What is being asked.
Give back every line of the data exactly. Pictures are not part of the copy.
*** Exercise data Section Begins ***
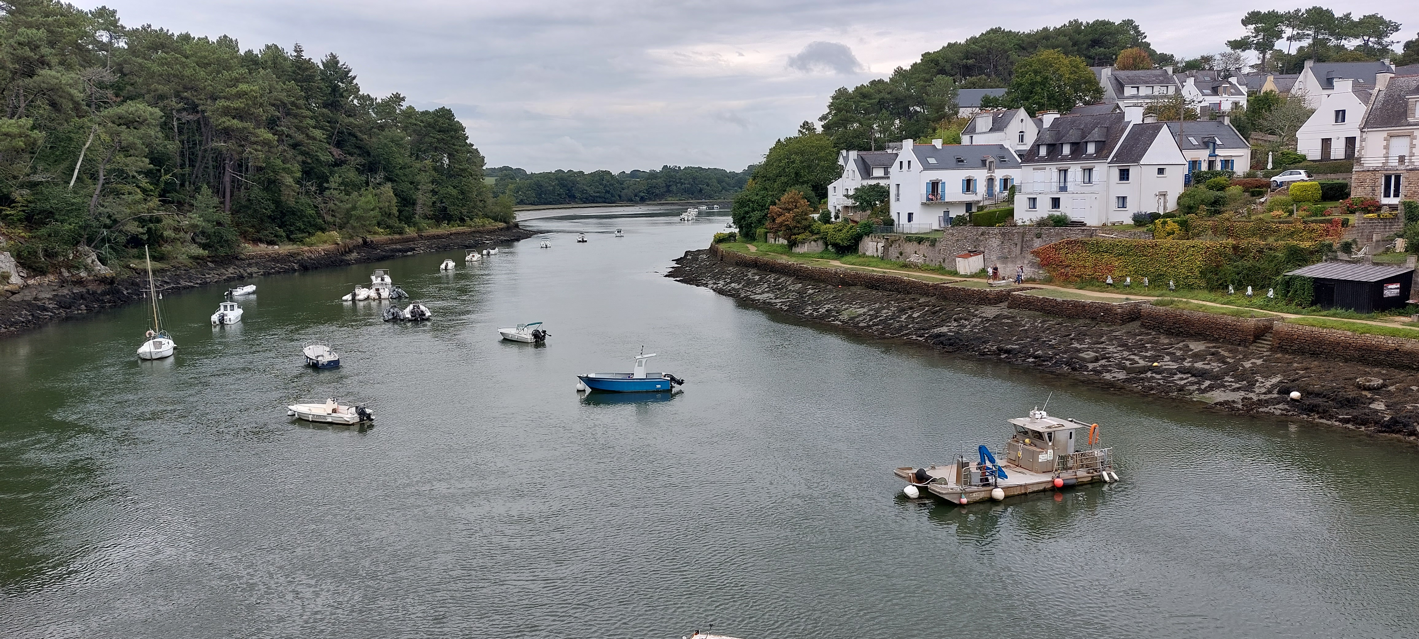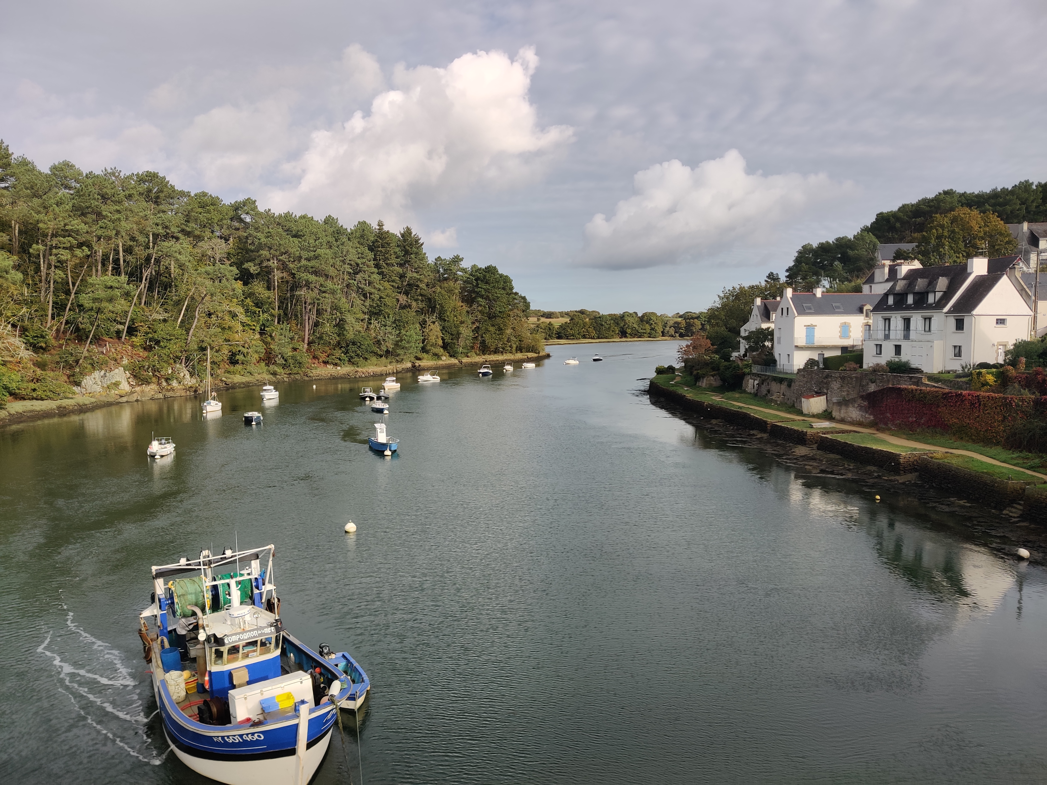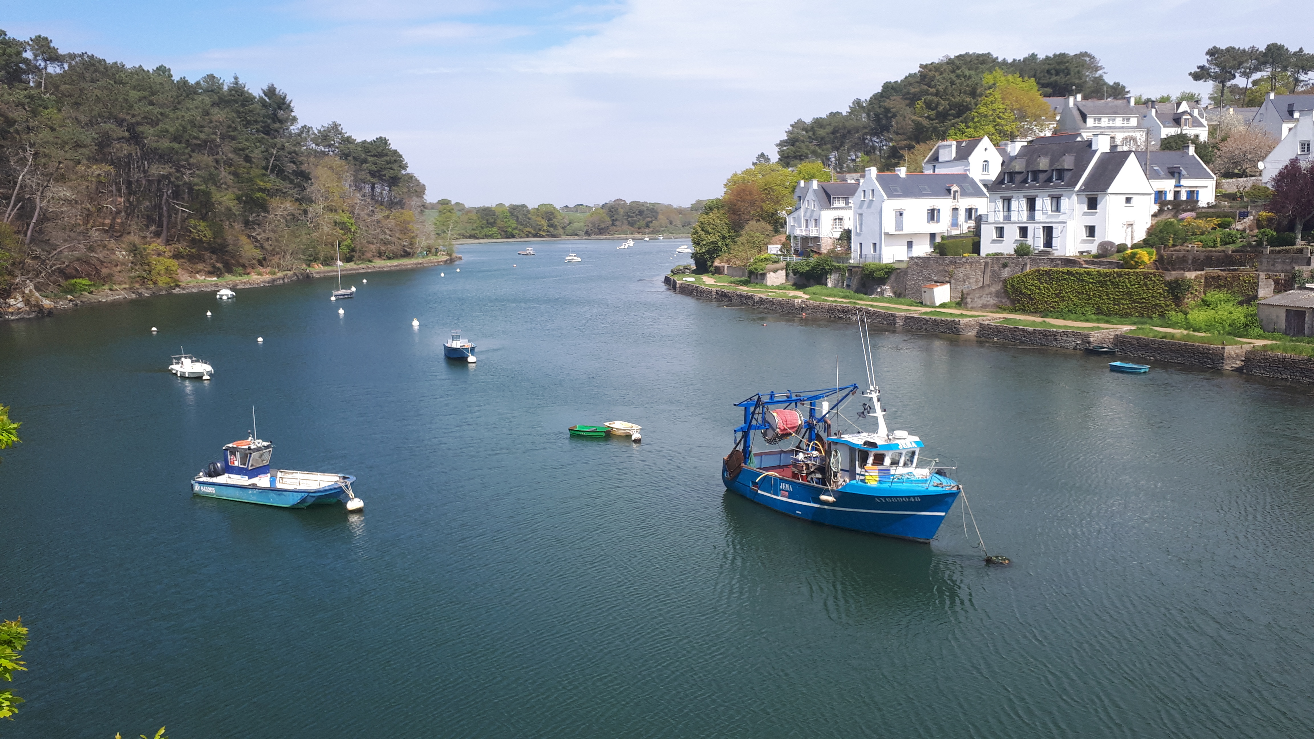 Endroit suerbe, petit port avec du charme et si le temps si prete une balade le long de la rivière est obligatoire
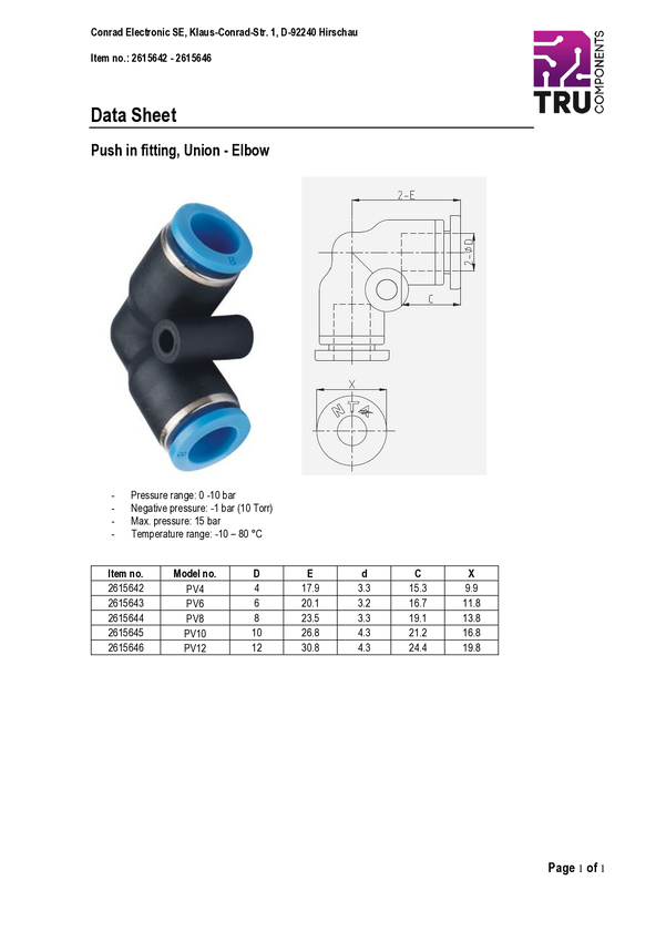 TRU COMPONENTS Złączka kątowa PV8 Średnica rury: 8 mm 1 szt.
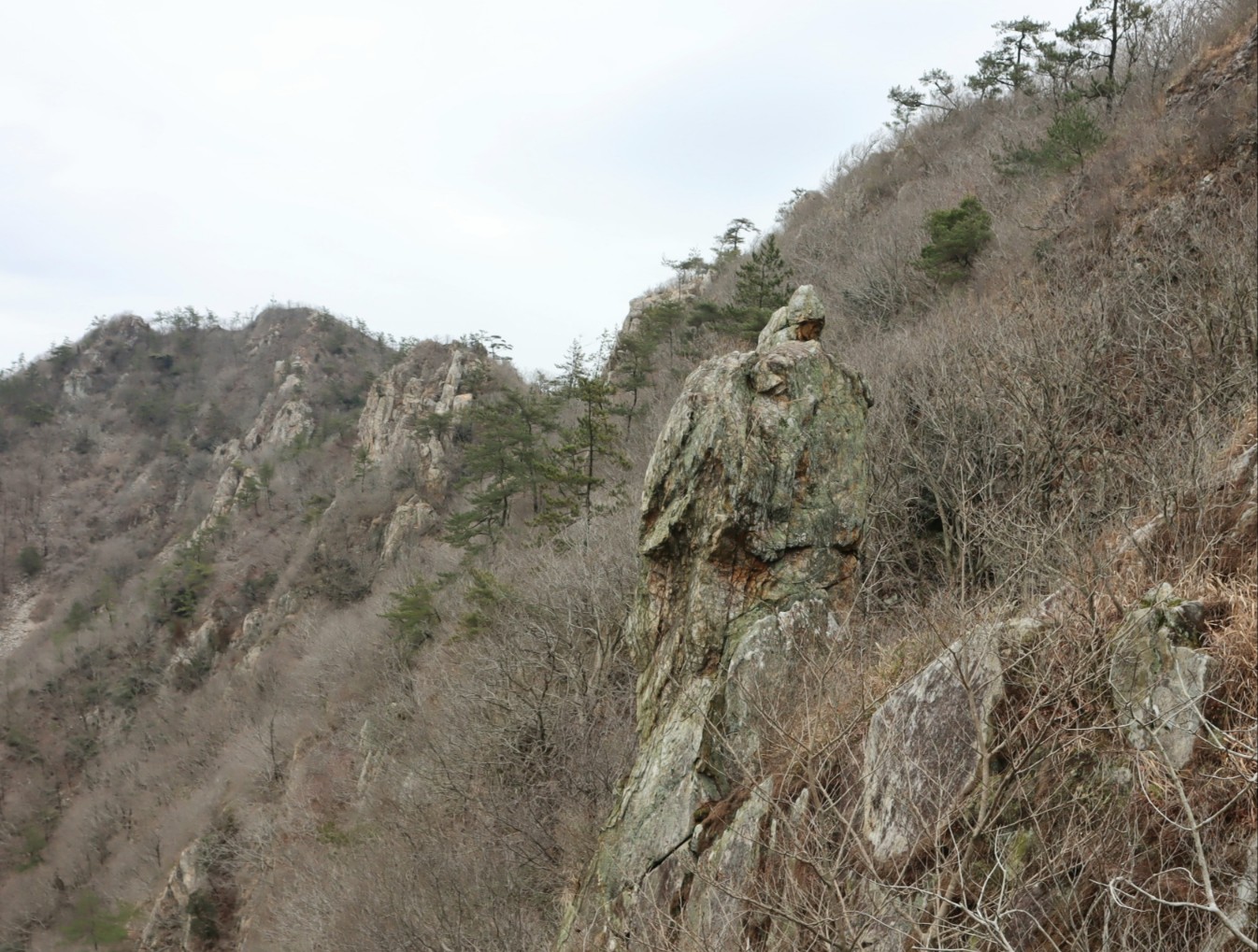 거대한 바위봉을 돌아서며...
*** Exercise data Section Ends ***
Response to this task.
 Endroit suerbe, petit port avec du charme et si le temps si prete une balade le long de la rivière est obligatoire
 TRU COMPONENTS Złączka kątowa PV8 Średnica rury: 8 mm 1 szt.
 거대한 바위봉을 돌아서며...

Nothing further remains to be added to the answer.